G. Connor Salter, Professional Writing alumnus from Taylor University, Upland, IN.


Let the ghosts speak


Bryan Davis


Mountain Brook Fire (an imprint of Mountain Brook Ink)


April 15, 2020




245 pages


The year is 1860, and Justin Trotter is a poor English immigrant living in Paris. His only real hopes are to make enough money to care for his blind sister, and he doesn’t expect much to happen when his roommate Marc invites him to a masquerade party at an abandoned school. But when Justin accidently offends Marc’s mother in front of other guests, he hides out in the library waiting for his friend to smooth things over. There he meets a group of mysterious people who must be other guests. After all, why would someone dress like and claim to be Joan of Arc except as a party game? By the night’s end, Marc’s mother is found dead and all fingers point to Justin as the murderer. Will the mysterious people help Justin find out the truth? And what if these people are something more than natural?

Davis pays a bit of tribute to 19th-century writing styles, phrasing the story as a long letter written by the main character to his mother that recollecting his strange experiences. The result sounds a little bit like the works of acclaimed ghost story writer M.R. James, but without the academic tone that makes James’ work so dense at times. Davis is clearly aiming for homage, not recreation, so the story feels old-fashioned but is still easy to read. Genre-wise though, the book is a lot more than just a ghost story. Davis combines elements from detective fiction as well, creating a gothic mystery not unlike The Strange Case of Dr. Jekyll and Mr. Hyde. Just like that classic book, Davis knows just when to follow and when to subvert tropes from both genres to create something truly surprising. 

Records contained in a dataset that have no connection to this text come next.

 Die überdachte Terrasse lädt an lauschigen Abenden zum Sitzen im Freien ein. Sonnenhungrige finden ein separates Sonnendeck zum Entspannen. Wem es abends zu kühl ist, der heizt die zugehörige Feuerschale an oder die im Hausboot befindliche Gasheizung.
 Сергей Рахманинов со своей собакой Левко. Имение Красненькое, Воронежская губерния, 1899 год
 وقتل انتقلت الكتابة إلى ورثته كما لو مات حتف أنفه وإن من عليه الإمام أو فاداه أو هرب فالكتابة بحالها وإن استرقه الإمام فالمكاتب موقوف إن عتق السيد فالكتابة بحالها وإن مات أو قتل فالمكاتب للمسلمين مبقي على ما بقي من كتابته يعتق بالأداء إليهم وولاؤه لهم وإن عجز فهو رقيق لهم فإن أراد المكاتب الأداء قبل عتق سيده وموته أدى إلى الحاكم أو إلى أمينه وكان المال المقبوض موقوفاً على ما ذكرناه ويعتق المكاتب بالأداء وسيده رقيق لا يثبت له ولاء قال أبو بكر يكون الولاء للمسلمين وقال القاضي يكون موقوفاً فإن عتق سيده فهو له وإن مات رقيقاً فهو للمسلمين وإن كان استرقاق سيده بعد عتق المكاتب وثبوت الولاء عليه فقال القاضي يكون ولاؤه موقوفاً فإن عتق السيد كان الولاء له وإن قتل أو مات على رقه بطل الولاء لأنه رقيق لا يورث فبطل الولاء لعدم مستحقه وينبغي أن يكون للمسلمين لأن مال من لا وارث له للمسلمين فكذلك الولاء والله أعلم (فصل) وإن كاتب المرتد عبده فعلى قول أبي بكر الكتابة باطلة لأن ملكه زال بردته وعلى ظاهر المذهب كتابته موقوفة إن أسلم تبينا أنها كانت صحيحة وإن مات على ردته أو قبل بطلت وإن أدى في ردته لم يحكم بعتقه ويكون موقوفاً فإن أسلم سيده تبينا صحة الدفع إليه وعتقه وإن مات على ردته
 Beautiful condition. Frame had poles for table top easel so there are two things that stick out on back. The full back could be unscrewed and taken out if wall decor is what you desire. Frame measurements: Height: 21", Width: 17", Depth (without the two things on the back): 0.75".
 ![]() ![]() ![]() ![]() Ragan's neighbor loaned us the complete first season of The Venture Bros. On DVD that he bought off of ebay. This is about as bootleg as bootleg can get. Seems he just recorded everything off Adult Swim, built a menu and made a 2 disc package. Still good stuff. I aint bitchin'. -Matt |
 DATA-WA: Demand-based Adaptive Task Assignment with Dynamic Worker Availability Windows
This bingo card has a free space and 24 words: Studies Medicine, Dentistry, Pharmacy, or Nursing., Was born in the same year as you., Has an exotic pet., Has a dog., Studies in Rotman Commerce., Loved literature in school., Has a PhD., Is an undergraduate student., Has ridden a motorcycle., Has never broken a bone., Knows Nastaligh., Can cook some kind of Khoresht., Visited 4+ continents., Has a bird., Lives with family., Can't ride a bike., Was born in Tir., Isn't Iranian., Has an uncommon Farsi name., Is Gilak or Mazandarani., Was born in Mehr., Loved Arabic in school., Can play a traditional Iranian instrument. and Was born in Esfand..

A compelling tale about suffering, hope and how death leads us to face what we believe about both concepts.


Rating (1 to 5 stars)

5 stars

Suggested Audience

Readers who like ghost stories, detective mysteries, horror or thriller stories. Particularly recommended for readers who enjoy ghost stories and gothic fiction (Dr. Jekyll and Mr. Hyde, Frankenstein, etc.).

Christian Impact

Readers who are very literal thinkers may be annoyed at a Christian Fiction novel that talks about ghosts, since it’s a hazy subject Biblically speaking. However, the existence of ghosts has been debated for ages and been heckled at least as often as it’s been taken seriously. So it’s not exactly difficult, no matter what your theological beliefs are, to accept the idea as a plot device and just read the story.

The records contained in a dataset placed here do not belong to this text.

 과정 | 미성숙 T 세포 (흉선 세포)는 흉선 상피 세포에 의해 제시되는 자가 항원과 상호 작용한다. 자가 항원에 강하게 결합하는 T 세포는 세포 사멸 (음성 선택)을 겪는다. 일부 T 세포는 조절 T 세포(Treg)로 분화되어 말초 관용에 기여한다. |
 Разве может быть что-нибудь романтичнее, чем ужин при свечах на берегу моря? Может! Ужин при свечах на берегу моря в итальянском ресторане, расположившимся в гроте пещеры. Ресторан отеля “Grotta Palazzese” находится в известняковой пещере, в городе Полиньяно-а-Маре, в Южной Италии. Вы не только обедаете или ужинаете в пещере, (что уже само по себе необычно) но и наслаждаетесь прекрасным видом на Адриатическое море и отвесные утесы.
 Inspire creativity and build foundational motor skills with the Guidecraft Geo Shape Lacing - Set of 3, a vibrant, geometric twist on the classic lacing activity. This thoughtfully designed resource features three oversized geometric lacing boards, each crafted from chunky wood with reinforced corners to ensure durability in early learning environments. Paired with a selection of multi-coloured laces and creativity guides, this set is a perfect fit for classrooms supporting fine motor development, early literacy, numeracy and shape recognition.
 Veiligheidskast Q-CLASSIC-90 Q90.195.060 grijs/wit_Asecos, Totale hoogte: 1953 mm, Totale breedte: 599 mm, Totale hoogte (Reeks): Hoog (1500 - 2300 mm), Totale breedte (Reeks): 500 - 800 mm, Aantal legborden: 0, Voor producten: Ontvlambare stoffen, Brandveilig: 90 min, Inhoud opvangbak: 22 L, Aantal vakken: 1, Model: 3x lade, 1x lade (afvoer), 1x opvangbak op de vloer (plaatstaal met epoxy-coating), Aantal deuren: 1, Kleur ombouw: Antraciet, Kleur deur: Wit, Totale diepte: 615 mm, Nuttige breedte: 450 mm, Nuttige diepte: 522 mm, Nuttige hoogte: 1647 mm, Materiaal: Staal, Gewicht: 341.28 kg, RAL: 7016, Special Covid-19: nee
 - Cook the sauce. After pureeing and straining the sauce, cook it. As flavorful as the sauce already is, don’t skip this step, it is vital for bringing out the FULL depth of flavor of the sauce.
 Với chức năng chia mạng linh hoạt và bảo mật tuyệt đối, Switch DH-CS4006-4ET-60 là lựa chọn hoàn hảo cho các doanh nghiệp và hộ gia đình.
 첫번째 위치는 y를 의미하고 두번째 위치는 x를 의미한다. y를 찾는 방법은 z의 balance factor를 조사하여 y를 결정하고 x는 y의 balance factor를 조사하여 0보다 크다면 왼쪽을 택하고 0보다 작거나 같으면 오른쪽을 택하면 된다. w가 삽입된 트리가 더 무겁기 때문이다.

Once you approach the story on that level, the ways Davis uses the concept turn out to be quite fascinating. He creates ghostly characters who ponder why they haven’t gone to heaven yet, why some of them have been given a second chance at redemption, and what concepts like redemption, hope and mercy even mean. This allows Davis to have characters who dialogue (and monologue) about spiritual ideas, and yet those discussions never feel tacked on. The fact the characters are dead and yet still around makes their discussions seem natural.

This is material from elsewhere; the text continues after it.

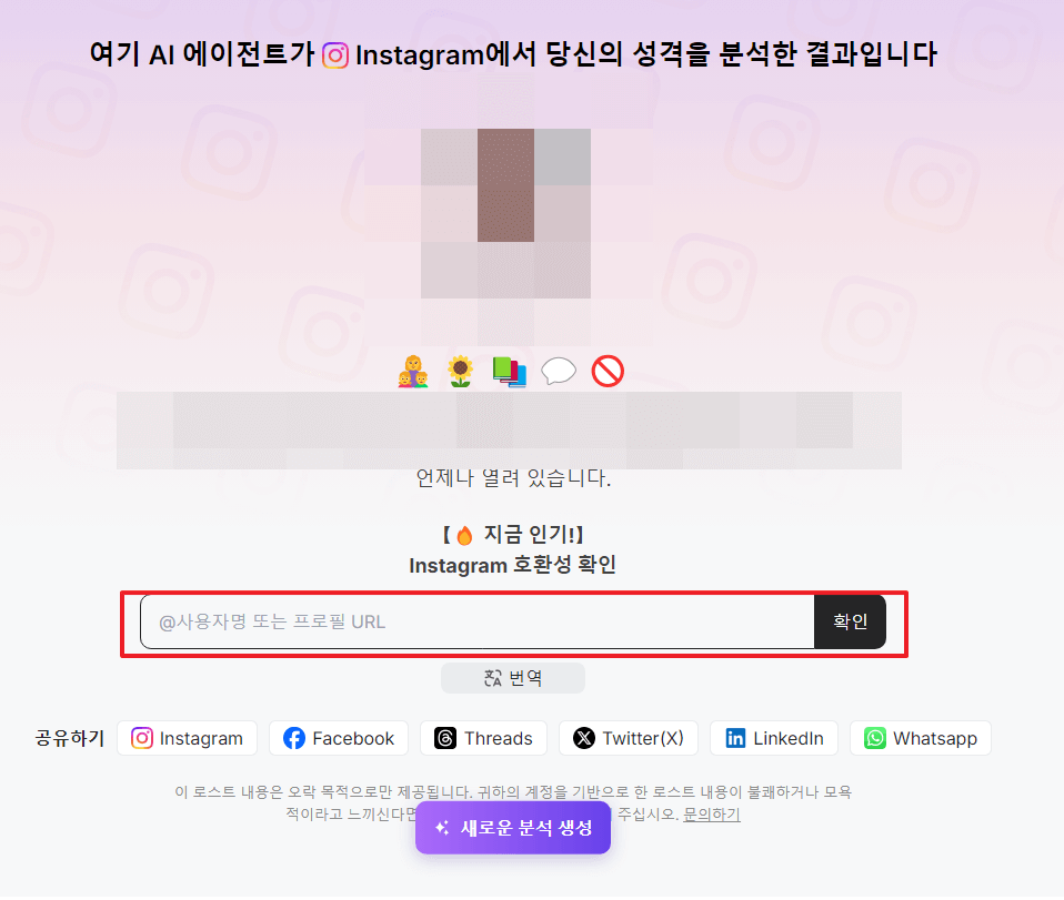 인스타그램 아이디만 넣으면 성격분석을 해주는 사이트인데요.

Davis also uses the idea of ghosts, particularly ghosts of martyrs, to examine a theme most Christian Fiction novels never address: do we still hope even if things never turn around? We can hope when we’re sure God will vindicate us in this life, but what if he doesn’t and by all earthly standards it seems evil has triumphed? Do we really believe that justice is the Lord’s and that in the end, maybe despite all evidence to the contrary, all will be made well? Few Christian novels examine this question because it doesn’t seem very inspiring. Davis dares to go into that territory and shows recognizing good doesn’t always triumph in this life, but that’s not the point, is actually fulfilling in a way that “inspiring Christian stories” can never achieve.